ジョナサン・セリャクさん(31)は今年ニューヨーク市アッパーイーストサイドのマンションに引っ越した時、通りの向かいにある高級ジムのエクイノックスに入会する予定だった。しかし、新型コロナウイルスの感染拡大で米国中のスポーツクラブが閉鎖されたため、高校時代から持っていたウエートトレーニングの器具を部屋に設置した。

 部屋でのウエートリフティングと外でのランニングが新たな日課となったセリャクさんは、ジムの入会だけでなく、過去に友人と訪れていたヨガやバイクエクササイズのスタジオについても考え直している。

 セリャクさんは「月会費がかかる本格的なジムにはもう入会しないつもりだ」と話す。新たに始めたワークアウトの低コストで便利な点が気に入っている。「誰かと調整してテキストを打ち、このクラスに通おうと伝えたりする必要がない。めちゃくちゃ簡単だ」

 コロナのパンデミック(世界的大流行)で、ジムを離れて家で運動をする動きが加速した。かつてジェーン・フォンダのVHSテープが促した流れをはるかに上回っている。セリャクさんのような人たちはネット接続機器やアプリといった新たな技術を使い、対面式のクラスで得られる注目、エネルギー、コミュニティー(挨拶や競争を含む)を、家から離れることなく享受している。

 そのためジムやフィットネススタジオはより多くのデジタルクラスを試し、顧客が安全に感じられる方法を模索している。多くの人が「巣ごもり」している間も収入を得るためだけでなく、パンデミックの収束後に戻ってきてもらうためだ。

 会員制の「クラスパス」はもともと、さまざまなフィットネスセンターへのアクセスを提供するためのサービスだったが、3月にはバーエクササイズやピラティス、エアロビクスなどのクラスの生配信を開始し、今では1週間に5万件を超えるオンデマンド型ワークアウトを提供している。レッスン料は無料から最大20ドル(約2100円)まで。コロナウイルスの感染拡大前には、クラスパス会員の大半は職場や自宅に近いスタジオでのワークアウトに参加していた。現在はデジタル会員の半数以上が、別の都市のスタジオで行われているクラスにオンラインで参加している。

 だが、対面式のクラスとデジタルサービスを並行して運営するのは難しいかもしれないと一部のアナリストは指摘する。例えば、クラスパスのスタジオは一般に、対面式のクラスに比べてオンラインクラスの料金が大幅に安い。また、一部の有名スポーツクラブやインフルエンサーが、インスタグラムなどのソーシャルメディアプラットフォームでメンバーに無料でデジタルコンテンツを提供している。

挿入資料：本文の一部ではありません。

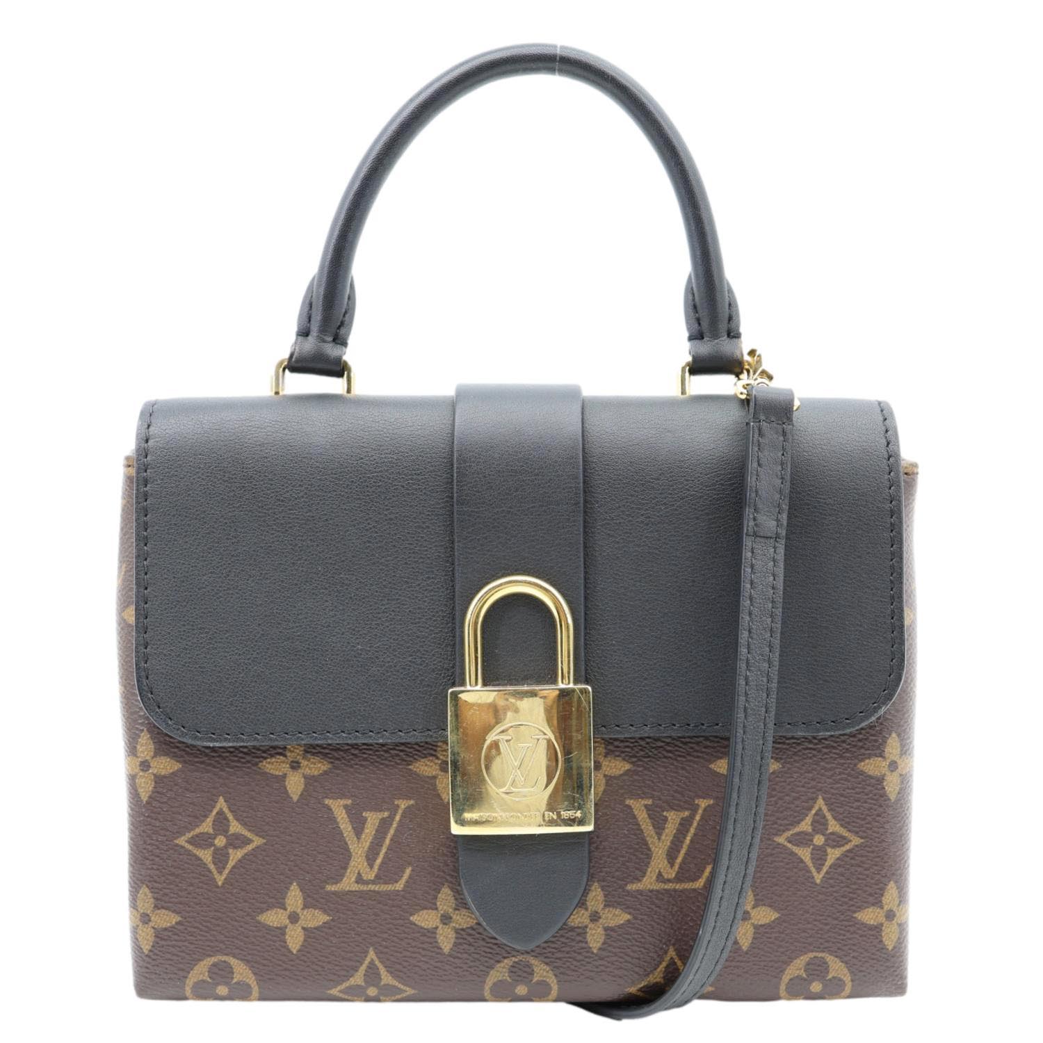 The LOUIS VUITTON Locky BB in brown Monogram canvas features a bold gold-tone padlock and smooth leather trim. Compact yet chic, it offers versatile carry with a top handle and removable crossbody strap.

 高級ジムやバイクエクササイズスタジオ「ソウルサイクル」を保有するエクイノックス・グループは、インスタグラムに無料のワークアウトを掲載している。米国の99カ所のジムのいずれかに会費――クラブによって異なりニューヨーク市では月額約190ドル(プラス入会金)から――を支払った人を対象に、数百のオンラインクラスへの無料アクセスを提供するモバイルアプリを3月に立ち上げた。会員は持っている器具や時間を基にコンテンツを検索できる。

 このアプリを手掛けるエクイノックス・メディアのジェーソン・ラローズCEOは、外出規制・自粛が収束した時には社会的接触に飢えた顧客が対面式のクラスやジムに戻って来ると期待。「終わった時のインストラクターとのハイタッチが好きだ」と話している。